Александра закашлялась, глядя на меня с возмущением и ужасом.
— Милый ребёнок, — вкрадчиво спросил я у Ксюшки, — это когда же я такое обещал?
— Ну, — она вытянула губы трубочкой, — папа всегда обещает выпороть, когда плохо себя ведёшь. Сашу он хворостиной берёзовой гонял, когда она без разрешения из его ружья стреляла. Она потом на животе спала, так ей всыпал. А вы в Злобино старший, значит, тоже хворостиной можете выпороть. Я разве неправильно сказала?
Я сдержал улыбку, увидев, как Александра с облегчением выдохнула. Похоже, она всерьёз поверила, что я мог такое сказать.
— Ксения, а ты когда балуешься, не боишься, что я тебя могу хворостиной?
— Меня нельзя, я ещё маленькая, — твёрдо заявила Ксюшка. — Папа сказал, что мне надо словами, а Сашка уже взрослая, ей поздно объяснять, если раньше не поняла.
Рыжая сверкнула глазами и тайком погрозила сестре кулаком. Та в долгу не осталась и показала Александре язык. Ёшки-матрёшки, натуральный детский сад! Ещё и Марья Алексевна сидит довольная, будто на цирковом представлении. Хоть и правда бери хворостину и гоняй их вокруг усадьбы.
— Сударыни, — я строго посмотрел на обеих сестёр, — будьте любезны, ведите себя прилично. Или кое-кто лишится сладкого за ужином.
Такой довод подействовал на Ксюшку мгновенно, она приняла вид идеального ребёнка и больше не пыталась изводить сестру.
После обеда Сашка попыталась поговорить со мной.
— Константин Платонович, я должна с вами объясниться.
— Позже, Александра. Сначала у меня дело к Марье Алексевне. А с вами я поговорю позже. И сразу вместе с Петром.

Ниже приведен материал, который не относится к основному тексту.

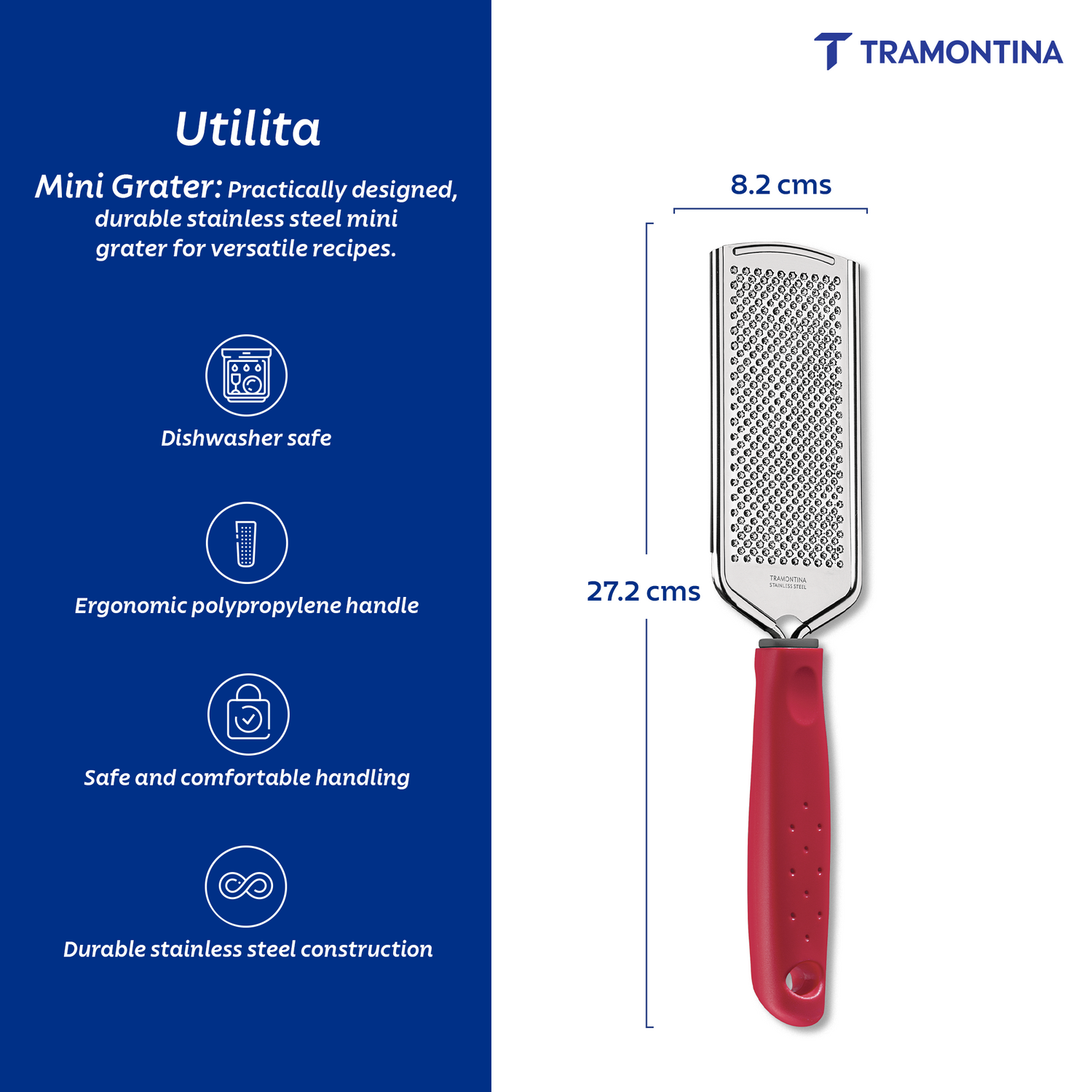 And how great it is to add that extra touch to a recipe, isn't it? And you'll be able to take your dishes to the next level with Tramontina's Utilità stainless steel mini grater with red polypropylene handle, from the Utilità line. Precision and safety in handling are guaranteed by the stainless steel blade and also by the elegant red polypropylene handle. Make your family and friends sigh with delicious and unforgettable recipes.

Она стухла, кивнула и тяжело вздохнула. Ничего, пускай немного помаринуется. В следующий раз будет думать, как устраивать скандалы и хлопать дверью.
* * *
Обсуждение наших столичных «приключений» и смерти Елизаветы вышло долгим.
— Так даже лучше, Костя, — заявила Марья Алексевна.
— Почему?
— А ты подумай, если бы она подписала те бумаги? Титул тебе да дворянство Танечке. Думаешь, не докопались бы, из-за чего такая милость? По-хорошему, ты должен был руками отмахиваться, чтобы князем не стать. Я говорила — рискуешь ты с этой поездкой. А с эдакой наградой надо было брать Таню да уезжать в Европу.
Княгиня пожевала губами.
— Вот и говорю, что лучше. Разумовский её не выдаст, он Елизавете верен как пёс всю жизнь был. Надеюсь, вы больше никому на глаза в Петербурге не попались.